* _Task objective_
Take the data below. Output it exactly from its first line through the line containing "Abb. 8 Vorlage".

--- Material to process ---

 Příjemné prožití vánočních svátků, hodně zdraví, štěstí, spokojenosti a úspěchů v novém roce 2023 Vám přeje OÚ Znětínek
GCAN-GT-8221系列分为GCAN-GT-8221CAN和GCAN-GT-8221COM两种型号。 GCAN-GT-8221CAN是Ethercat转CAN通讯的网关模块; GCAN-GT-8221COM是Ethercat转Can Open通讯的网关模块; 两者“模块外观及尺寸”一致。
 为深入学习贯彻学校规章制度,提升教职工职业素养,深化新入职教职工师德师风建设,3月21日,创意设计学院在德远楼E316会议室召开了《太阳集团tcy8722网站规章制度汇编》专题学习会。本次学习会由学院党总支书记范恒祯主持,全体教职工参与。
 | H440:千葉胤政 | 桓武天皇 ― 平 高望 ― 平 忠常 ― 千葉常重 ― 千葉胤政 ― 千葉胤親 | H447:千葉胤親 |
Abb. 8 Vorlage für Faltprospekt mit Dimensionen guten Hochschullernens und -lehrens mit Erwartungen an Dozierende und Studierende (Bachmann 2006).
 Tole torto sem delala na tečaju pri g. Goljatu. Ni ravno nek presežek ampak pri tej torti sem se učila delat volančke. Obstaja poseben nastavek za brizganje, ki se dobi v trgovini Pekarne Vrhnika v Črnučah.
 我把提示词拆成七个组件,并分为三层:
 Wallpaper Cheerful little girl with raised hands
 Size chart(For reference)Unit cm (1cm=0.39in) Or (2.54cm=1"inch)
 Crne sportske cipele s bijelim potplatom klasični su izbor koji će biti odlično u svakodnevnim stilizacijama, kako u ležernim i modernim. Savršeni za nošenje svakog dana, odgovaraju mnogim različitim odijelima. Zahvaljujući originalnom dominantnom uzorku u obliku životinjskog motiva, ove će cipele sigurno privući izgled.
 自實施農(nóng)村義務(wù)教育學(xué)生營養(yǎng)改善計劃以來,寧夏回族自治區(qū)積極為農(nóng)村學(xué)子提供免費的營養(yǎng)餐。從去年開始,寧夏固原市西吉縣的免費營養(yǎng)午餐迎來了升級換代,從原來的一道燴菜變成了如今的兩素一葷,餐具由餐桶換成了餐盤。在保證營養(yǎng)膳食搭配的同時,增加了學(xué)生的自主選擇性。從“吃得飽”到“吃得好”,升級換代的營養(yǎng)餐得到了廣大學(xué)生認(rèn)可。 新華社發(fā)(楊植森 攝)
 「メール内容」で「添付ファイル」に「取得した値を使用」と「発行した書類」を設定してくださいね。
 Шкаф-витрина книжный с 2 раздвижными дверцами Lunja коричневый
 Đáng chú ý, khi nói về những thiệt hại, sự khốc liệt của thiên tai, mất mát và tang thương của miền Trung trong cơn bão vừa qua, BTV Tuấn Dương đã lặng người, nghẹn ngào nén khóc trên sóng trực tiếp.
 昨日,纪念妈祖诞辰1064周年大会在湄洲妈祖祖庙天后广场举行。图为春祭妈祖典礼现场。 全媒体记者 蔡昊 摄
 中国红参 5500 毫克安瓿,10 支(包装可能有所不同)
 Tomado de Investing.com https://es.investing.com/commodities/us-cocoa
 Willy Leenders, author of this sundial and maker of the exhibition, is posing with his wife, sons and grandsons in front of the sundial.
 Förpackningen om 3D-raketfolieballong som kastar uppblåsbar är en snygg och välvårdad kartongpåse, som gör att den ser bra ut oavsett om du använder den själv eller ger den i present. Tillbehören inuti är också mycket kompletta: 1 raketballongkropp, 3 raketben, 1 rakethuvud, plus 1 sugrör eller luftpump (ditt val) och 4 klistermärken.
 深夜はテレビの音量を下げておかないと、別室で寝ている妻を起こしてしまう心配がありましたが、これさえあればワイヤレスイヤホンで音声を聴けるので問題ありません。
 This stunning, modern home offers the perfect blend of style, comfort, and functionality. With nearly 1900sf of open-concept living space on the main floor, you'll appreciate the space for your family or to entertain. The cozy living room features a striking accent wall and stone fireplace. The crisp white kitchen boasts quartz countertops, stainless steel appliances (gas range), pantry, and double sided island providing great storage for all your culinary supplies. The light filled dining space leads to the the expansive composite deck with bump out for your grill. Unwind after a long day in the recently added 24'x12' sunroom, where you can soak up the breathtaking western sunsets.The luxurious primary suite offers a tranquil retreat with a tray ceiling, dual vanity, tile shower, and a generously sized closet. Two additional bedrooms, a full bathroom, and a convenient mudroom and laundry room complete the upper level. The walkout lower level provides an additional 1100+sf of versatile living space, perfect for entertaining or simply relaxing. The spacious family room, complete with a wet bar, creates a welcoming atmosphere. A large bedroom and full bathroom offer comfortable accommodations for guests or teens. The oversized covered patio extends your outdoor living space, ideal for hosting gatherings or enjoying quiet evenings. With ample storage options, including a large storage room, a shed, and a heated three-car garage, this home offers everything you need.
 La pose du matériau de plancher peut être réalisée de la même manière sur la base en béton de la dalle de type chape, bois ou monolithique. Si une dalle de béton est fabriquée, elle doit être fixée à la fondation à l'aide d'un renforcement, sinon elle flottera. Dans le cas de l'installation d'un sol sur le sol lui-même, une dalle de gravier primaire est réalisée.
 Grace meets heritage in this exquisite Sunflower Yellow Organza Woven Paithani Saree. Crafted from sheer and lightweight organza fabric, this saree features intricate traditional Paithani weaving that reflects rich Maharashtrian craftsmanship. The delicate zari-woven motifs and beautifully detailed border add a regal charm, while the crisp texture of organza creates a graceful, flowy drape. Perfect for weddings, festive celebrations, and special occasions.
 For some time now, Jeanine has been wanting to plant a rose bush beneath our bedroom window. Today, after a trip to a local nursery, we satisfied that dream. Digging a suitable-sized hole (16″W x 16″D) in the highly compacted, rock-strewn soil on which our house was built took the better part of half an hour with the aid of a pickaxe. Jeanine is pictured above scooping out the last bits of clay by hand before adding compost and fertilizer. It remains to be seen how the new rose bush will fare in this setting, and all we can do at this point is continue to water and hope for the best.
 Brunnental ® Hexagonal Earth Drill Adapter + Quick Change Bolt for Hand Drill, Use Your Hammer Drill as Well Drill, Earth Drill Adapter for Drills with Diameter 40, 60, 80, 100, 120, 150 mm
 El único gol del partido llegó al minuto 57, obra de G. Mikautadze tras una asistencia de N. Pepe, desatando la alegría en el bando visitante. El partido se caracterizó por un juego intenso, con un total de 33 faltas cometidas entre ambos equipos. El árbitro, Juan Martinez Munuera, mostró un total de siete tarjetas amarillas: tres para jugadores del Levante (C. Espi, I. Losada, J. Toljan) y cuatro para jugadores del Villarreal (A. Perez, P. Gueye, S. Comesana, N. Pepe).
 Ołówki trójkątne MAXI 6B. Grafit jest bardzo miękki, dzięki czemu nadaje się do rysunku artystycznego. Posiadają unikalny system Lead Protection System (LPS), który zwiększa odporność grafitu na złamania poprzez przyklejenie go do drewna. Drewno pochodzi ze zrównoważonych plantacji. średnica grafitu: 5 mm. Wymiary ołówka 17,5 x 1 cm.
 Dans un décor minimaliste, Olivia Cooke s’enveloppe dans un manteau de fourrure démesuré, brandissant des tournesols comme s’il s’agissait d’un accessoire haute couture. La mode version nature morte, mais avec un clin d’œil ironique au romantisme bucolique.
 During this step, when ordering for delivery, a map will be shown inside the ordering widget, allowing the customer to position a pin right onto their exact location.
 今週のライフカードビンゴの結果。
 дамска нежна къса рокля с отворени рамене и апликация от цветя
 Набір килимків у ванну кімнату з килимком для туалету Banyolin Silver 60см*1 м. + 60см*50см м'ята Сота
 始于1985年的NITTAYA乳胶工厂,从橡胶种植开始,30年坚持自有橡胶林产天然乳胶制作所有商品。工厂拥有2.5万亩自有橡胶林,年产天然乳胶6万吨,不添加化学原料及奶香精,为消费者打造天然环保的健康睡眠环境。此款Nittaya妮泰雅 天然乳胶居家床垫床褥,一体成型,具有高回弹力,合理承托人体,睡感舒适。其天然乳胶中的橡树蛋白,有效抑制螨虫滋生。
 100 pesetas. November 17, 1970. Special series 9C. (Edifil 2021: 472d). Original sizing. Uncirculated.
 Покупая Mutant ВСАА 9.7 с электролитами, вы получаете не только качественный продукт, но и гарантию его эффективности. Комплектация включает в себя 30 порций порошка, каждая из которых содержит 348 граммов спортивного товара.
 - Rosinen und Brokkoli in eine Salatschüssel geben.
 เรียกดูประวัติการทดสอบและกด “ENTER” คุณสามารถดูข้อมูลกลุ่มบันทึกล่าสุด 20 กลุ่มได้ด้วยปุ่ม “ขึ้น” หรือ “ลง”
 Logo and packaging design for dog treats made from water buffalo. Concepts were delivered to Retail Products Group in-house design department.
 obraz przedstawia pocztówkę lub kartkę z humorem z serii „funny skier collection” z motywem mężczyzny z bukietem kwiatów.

---

* _Response to the exercise_
 Příjemné prožití vánočních svátků, hodně zdraví, štěstí, spokojenosti a úspěchů v novém roce 2023 Vám přeje OÚ Znětínek
GCAN-GT-8221系列分为GCAN-GT-8221CAN和GCAN-GT-8221COM两种型号。 GCAN-GT-8221CAN是Ethercat转CAN通讯的网关模块; GCAN-GT-8221COM是Ethercat转Can Open通讯的网关模块; 两者“模块外观及尺寸”一致。
 为深入学习贯彻学校规章制度,提升教职工职业素养,深化新入职教职工师德师风建设,3月21日,创意设计学院在德远楼E316会议室召开了《太阳集团tcy8722网站规章制度汇编》专题学习会。本次学习会由学院党总支书记范恒祯主持,全体教职工参与。
 | H440:千葉胤政 | 桓武天皇 ― 平 高望 ― 平 忠常 ― 千葉常重 ― 千葉胤政 ― 千葉胤親 | H447:千葉胤親 |
Abb. 8 Vorlage für Faltprospekt mit Dimensionen guten Hochschullernens und -lehrens mit Erwartungen an Dozierende und Studierende (Bachmann 2006).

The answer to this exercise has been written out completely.